Performance implications of single thread migration on a chip multi-core

  • Authors:
  • Theofanis Constantinou;Yiannakis Sazeides;Pierre Michaud;Damien Fetis;Andre Seznec

  • Affiliations:
  • University of Cyprus, Nicosia, Cyprus;University of Cyprus, Nicosia, Cyprus;Irisa/Inria, Rennes Cedex, France;Irisa/Inria, Rennes Cedex, France;Irisa/Inria, Rennes Cedex, France

  • Venue:
  • ACM SIGARCH Computer Architecture News - Special issue: dasCMP'05
  • Year:
  • 2005

Quantified Score

Hi-index 0.00

Visualization

Abstract

High performance multi-core processors are becoming an industry reality. Although multi-cores are suited for multithreaded and multi-programmed workloads, many applications are still mono-thread and multi-core performance with a single thread workload is an important issue. Furthermore, recent studies suggest that performance, power and temperature considerations of future multi-cores may necessitate activity-migration between cores.Motivated by the above, this paper investigates the performance implications of single thread migration on a multi-core.
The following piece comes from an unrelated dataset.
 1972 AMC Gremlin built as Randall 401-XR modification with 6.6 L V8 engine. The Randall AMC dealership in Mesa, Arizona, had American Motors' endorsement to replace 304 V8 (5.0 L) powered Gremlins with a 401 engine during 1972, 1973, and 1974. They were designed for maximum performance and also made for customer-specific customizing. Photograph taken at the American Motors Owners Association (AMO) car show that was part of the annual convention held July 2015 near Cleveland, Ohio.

Specifically, the study considers the influence on the performance of a single thread of the following migration and multi-core parameters: frequency of migration, core warm-up modes, subset of resources that are warmed-up, number of cores, and cache hierarchy organization. The results of this study can provide insight to architects on how to design performance-efficient power and thermal strategies for a multi-core chip.The experimental results, for the benchmarks and microarchitectures used in this study, show that the performance loss due to activity migration on a multi-core with private L1s and a shared L2 can be minimized if: (a) a migrating thread continues its execution on a core that was previously visited by the thread, and (b) cores remember their predictor state since their previous activation (all other core resources can be cold). The analogous conclusions for a multi-core with private L1s and L2s and a shared L3 are: remembering the predictor state, maintaining the tags of the various L2 caches coherent and allowing L2-L2 data transfers from inactive cores to the active core.The data also show that when migration period is at least every 160K cycles, the transfer of register state between two cores and the flushing of dirty private L1 data have a negligible performance overhead.